Fallo
Julio 21st, 2010El almacén era pequeño, apenas una docena de cajas apiladas al fondo en la parte más oscura, y algunas sueltas sobre el suelo, en la parte que bañaba la luz rojiza del atardecer. Sobre una de ellas y mirando a través de la rendijas de la ventana que rayaban todo lo que tocaban, estaba sentada. Sus pies casi no llegaban al suelo aunque su alma se encontraba más abajo aún.
- ¿Qué se siente al morir? – preguntó Ray tras unos segundos observándola.
- Frío – respondió soltando vaho de la boca, que contrastaba con el calor que hacía allí dentro.
La atmósfera era tensa, pero ella sólo tenía ojos para la cálida luz que lo inundaba todo. Unos preciosos ojos azules que gritaban haber visto cosas que no hubiesen querido, que ahora estaban llorando una escarcha imperceptible.
- ¿Cuántas veces van? – preguntó Ray por pura curiosidad. Realmente no le importaba ni lo más mínimo.
Cerró los ojos con fuerza unos segundos, intentando hacer memoria.

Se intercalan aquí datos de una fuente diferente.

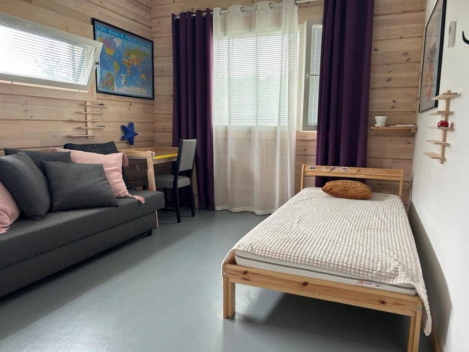 Saunan kytkin ei meinannut löytyä mutta lopulta löytyi kylpyhuoneen viereisen kaapin oven takaa. Televisiossa ei antennia eikä kanavat näy mutta yle areena ainakin toimi. Ruokailuvälineitä ihan liian vähän ainakin pieniä lusikoita löytyi vain kaksi. Vähän epäselvää ennen saapumista mutta pitää muistaa ottaa omat lakanat mukaan tyynyjä ja täkkejä löytyi kaapeista. Asunnossa vähän likaista ja roskaa lattialla kun saavuttiin sekä kärpäsiä.

- He perdido la cuenta – desistió, volviendo a responder con un gélido vaho que procedía desde lo más profundo.
Con un convulso gesto de su brazo derecho, una pequeña espada cayó de entre la manga de su gabardina raída y sucia. La agarró ágilmente del mango antes de que la punta tocara el suelo. Con la otra mano se ajustó su sombrero para que la luz no le cegara.
- No tienes por qué hacerlo – susurró sin dirigirle la mirada.
- Sabes que si no lo hago yo, otros vendrán detrás de mí.
Eternos instantes separaban el destino de ambos. Ray no podía esperar más. Tenía que responder ante alguien cuya paciencia no era una virtud. Saltó hacía ella rápidamente. El primer golpe la elevó en el aire. Un par de ágiles movimientos y al suelo cayó más de un trozo inerte. La espada ni siquiera estaba manchada.
—
- ¡Tío, mira! No se ha resistido – dijo Ray señalando la pantalla.
- ¡Qué raro! Me habré pasado el juego cientos de veces y ésa era una de los jefes finales más chungos – respondió con cara extrañada su amigo que le había prestado el juego.
- Pues no se ha resistido. La he matado sin más.
- Será un fallo del juego entonces. Pero no te confíes. Continúa, que ahora vienen otros más difíciles aún.